Structured outputs can hurt the performance of LLMs
When I read Let Me Speak Freely? by Tam et al. I thought they raised an interesting question: does constraining LLM outputs to structured formats impact the quality of their responses?
In both the original study and their recent update, Tam et al. concluded that is the case. They found that “structured generation constraints significantly impact LLM performance across various tasks”.
But the study had major flaws. The .txt team wrote a very compelling rebuttal to the paper. For Llama-3-8B-Instruct, they demonstrate that Tam, et al. results were mostly due to poor prompting, unfair comparisons and the improper use of an “AI parser” rather than the use of structured outputs.
I liked the rebuttal but it still left me wondering how well their results generalize. They focused on a single model1, which represents a small fraction of the LLMs powering applications in production today. Open-weight models offer more flexibility on how to structure your output, such as letting users specify regex expressions to constrain the output. Proprietary models lack this. Right now, JSON is the only structured output format guaranteed to work across most popular providers.
Given this constraint, would the .txt team’s results still hold?
Plus, both the original study and the rebuttal focused on tasks that might not be a good proxy for the full range of tasks people use LLMs for. Would the rebuttal results be different in settings outside of simple reasoning tasks?
So I decided to:
- Replicate the results from .txt’s rebuttal using LLaMA3-8B-Instruct.
- Replicate the same tasks using a proprietary model GPT-4o-mini.
- Test results on a broader set of tasks such as LiveBench.
This article presents the results of the first two steps. All the code is available on Github.
Results
If you’re short on time, here are the key findings:
- Tam et al.’s conclusions about structured outputs might still hold, even if they did not properly test for it. There are tasks where structured outputs perform worse than unstructured ones.
- .txt’s rebuttal is accurate. It shows that structured outputs are as good or better than unstructured outputs for LLaMA3-8B-Instruct in the tasks considered. But a similar approach did not hold for GPT-4o-mini (and possibly other models).
The figure below shows the results for GPT-4o-mini using .txt’s prompt fixes, along with additional improvements I made.
For GSM8K and Last Letter, structured and unstructured methods scored similarly. But for Shuffled Objects, unstructured outputs clearly surpassed a structured format.
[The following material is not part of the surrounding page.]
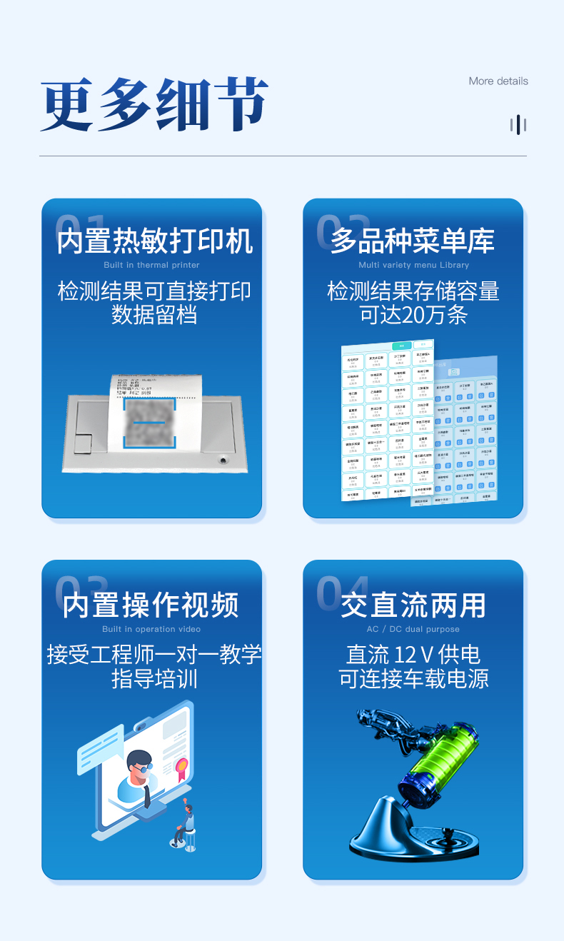 | 1、儀器采用10.1英寸液晶觸摸屏顯,搭配運(yùn)行安卓智能操作系統(tǒng),主控芯片采用ARM Cortex-A7,RK3288/4核處理器,主頻1.88Ghz,運(yùn)轉(zhuǎn)速度更快速,性能更強(qiáng)。 | 2、儀器功能包括:膠體金檢測(cè)模塊、數(shù)字化管理模塊、無(wú)線通訊模塊等,可以滿足同一軟件下實(shí)現(xiàn)所有檢測(cè)項(xiàng)目的檢測(cè),并在同一窗口展示檢測(cè)結(jié)果。 | 3.一體化臺(tái)式快檢設(shè)備,采用交直流兩用供電方式,可連接車載電源,配備6ah大容量充電鋰電池,可以滿足現(xiàn)場(chǎng)及流動(dòng)檢測(cè)使用的需求。儀器尺寸:43×35×20cm, 主機(jī)凈重:5.1kg | 4、系統(tǒng)自帶數(shù)據(jù)集成模塊,設(shè)備首頁(yè)自動(dòng)統(tǒng)計(jì)檢測(cè)數(shù)據(jù)包含:周檢測(cè)數(shù)據(jù)、月檢測(cè)數(shù)據(jù),全部檢測(cè)總數(shù)量,均包含檢測(cè)總數(shù),合格數(shù),不合格數(shù),以及相關(guān)柱形分析圖,對(duì)各項(xiàng)檢測(cè)數(shù)據(jù)清晰掌握,無(wú)需電腦查詢,更加快捷直觀。 | 5、儀器具有任務(wù)預(yù)設(shè)模塊,可在樣品送檢前提前預(yù)設(shè)樣品名稱、檢測(cè)指標(biāo)、送檢單位等信息,樣品送檢時(shí)一鍵調(diào)取保存信息,檢測(cè)更加方便快捷。 | 6、膠體金檢測(cè)模塊: | 直插式自動(dòng)掃描方式,可實(shí)時(shí)顯示金標(biāo)卡實(shí)時(shí)圖像,系統(tǒng)自動(dòng)分析并呈現(xiàn)出CT曲線圖,CT線自動(dòng)識(shí)別,無(wú)需手動(dòng)調(diào)整,完成檢測(cè)后自動(dòng)退出檢測(cè)卡。 | 結(jié)果判定線可修改,對(duì)照值標(biāo)定值可保存,斷電不丟失數(shù)據(jù)。 | 兼容市場(chǎng)上其他膠體金卡,使用耗材不受限制,極大增強(qiáng)用戶使用體驗(yàn)。 | 7、儀器檢測(cè)系統(tǒng)擁有龐大數(shù)據(jù)庫(kù),并且構(gòu)建了完善的檢索、修訂功能。食品庫(kù)涵蓋多種樣品名稱,可按需添加或刪除、編輯樣品名稱;產(chǎn)品數(shù)據(jù)庫(kù)以及歷史檢測(cè)記錄支持一鍵檢索功能。 | 8、系統(tǒng)打印自定義化,打印格式多樣化,產(chǎn)品合格證(國(guó)家標(biāo)準(zhǔn)要求),二維碼,抽樣信息、檢測(cè)信息,受檢信息、復(fù)核信息、抽樣日期、檢測(cè)日期等信息結(jié)果,可按需求自行設(shè)置打印內(nèi)容。 | 9、A4紙版本報(bào)告打印功能(可選配):設(shè)備擁有兩種結(jié)果展示方式,可以自動(dòng)生成A4打印模板和小票打印模板兩種樣式,可通過(guò)WiFi及網(wǎng)線等方式鏈接外置打印機(jī)可進(jìn)行打印 | 10、儀器具有 wifi 聯(lián)網(wǎng)上傳、RJ45網(wǎng)線連接功能,可以快速上傳數(shù)據(jù)。同步對(duì)接監(jiān)管平臺(tái),數(shù)據(jù)可局域網(wǎng)和互聯(lián)網(wǎng)數(shù)據(jù)上傳,檢測(cè)結(jié)果直接傳至食品安全監(jiān)管平臺(tái)。進(jìn)行區(qū)域食品安全監(jiān)管及大數(shù)據(jù)分析處理與數(shù)據(jù)統(tǒng)計(jì),檢測(cè)區(qū)域食品安全長(zhǎng)短期動(dòng)態(tài),達(dá)到食品安全問(wèn)題預(yù)估、預(yù)警。 | 11、設(shè)備支持U盤(pán)存儲(chǔ),標(biāo)準(zhǔn)USB接口,免驅(qū)動(dòng)安裝。檢測(cè)結(jié)果存儲(chǔ)容量20萬(wàn)條以上,可生成Excel表格,進(jìn)行一鍵拷貝,并具有登錄保護(hù)功能,可設(shè)置用戶名及密碼,規(guī)范不同人員操作權(quán)限,防止非工作人員操作,并且可以進(jìn)行重新校準(zhǔn)、鎖定、恢復(fù)出廠設(shè)置功能。儀器固件可升級(jí),后期檢測(cè)項(xiàng)目可擴(kuò)充。 | 12、儀器具備遠(yuǎn)程升級(jí)功能,可定向分客戶分儀器更新,開(kāi)機(jī)后自動(dòng)更新,并可持續(xù)性免費(fèi)更新系統(tǒng)版本,無(wú)需像傳統(tǒng)產(chǎn)品返廠更新,節(jié)省時(shí)間及人力成本并避免了物流運(yùn)輸返廠升級(jí)導(dǎo)致設(shè)備損壞的潛在風(fēng)險(xiǎn)。 |

The rest of the article will explain the approach I took to get these results.
Study design
Tam et al. evaluated structured and unstructured outputs across three reasoning tasks and six classification tasks. They used exact match to evaluate the reasoning tasks and accuracy to evaluate the classification tasks. They ran the experiments using the following models:
- Proprietary models: gpt-3.5-turbo-0125, claude-3-haiku-20240307, gemini-1.5-flash, and gpt-4o-mini-2024-07-18.
- Open-weight models: LLaMA3-8B-Instruct, and Gemma-2-9B-Instruct.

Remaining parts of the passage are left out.